EllaSilber

Ella Silber

Memphis, Tennessee

Born: 1924 Jonava, Lithuania

Survivor: Stutthof And Dachau Concentration Camps

“We had heard some gossip about the Germans, but back then,” says Ella Silber, “if you didn’t see it, you didn’t really believe it. I mean who could believe such things?”

In 1940 Ella Silber’s hometown in Lithuania was taken over by Russians. A year later, Germans arrived and forced Ella, her mother, and her three brothers into a ghetto. “We had to share a house with another family and wore yellow Stars of David on our clothing,” she says. “I worked all day long doing hard, manual labor, but I was young. Young enough to withstand it, I suppose.”

Three years later, Ella was sent to a concentration camp. She never saw her family again. “They were all killed in the ghetto,” she says. “In the last days of the war, we were thrown out of our barracks and forced to begin a death march,” she recalls, and when leaving Dachau, “we were given a piece of bread and a tin of soup for the journey.”

As American troops advanced, thousands of prisoners stumbled south in the freezing cold.
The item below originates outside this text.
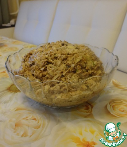 Смешиваем рыбу, чернослив, грецкие орехи, яблоко, сыр и лук. Все тщательно перемешиваем. Это очень важно, иначе будет совсем не тот вкус!
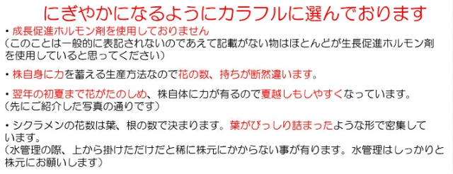 株自身に力を蓄えて開花まで育てたシクラメンなので毎年、春まで楽しめるとして大好評です

German guards shot anyone who could no longer continue. Ella awoke one day to find the guards gone.

At an American-run displaced persons’ camp, Ella met the man she would marry and was reunited with her second cousin, who was an American soldier. As she tells it, “He returned looking for relatives and found only me.” She continues, “I can’t understand why the Holocaust happened, I just know I don’t like to talk about it. Make no mistake. I remember everything, but it is very hard to talk about it.”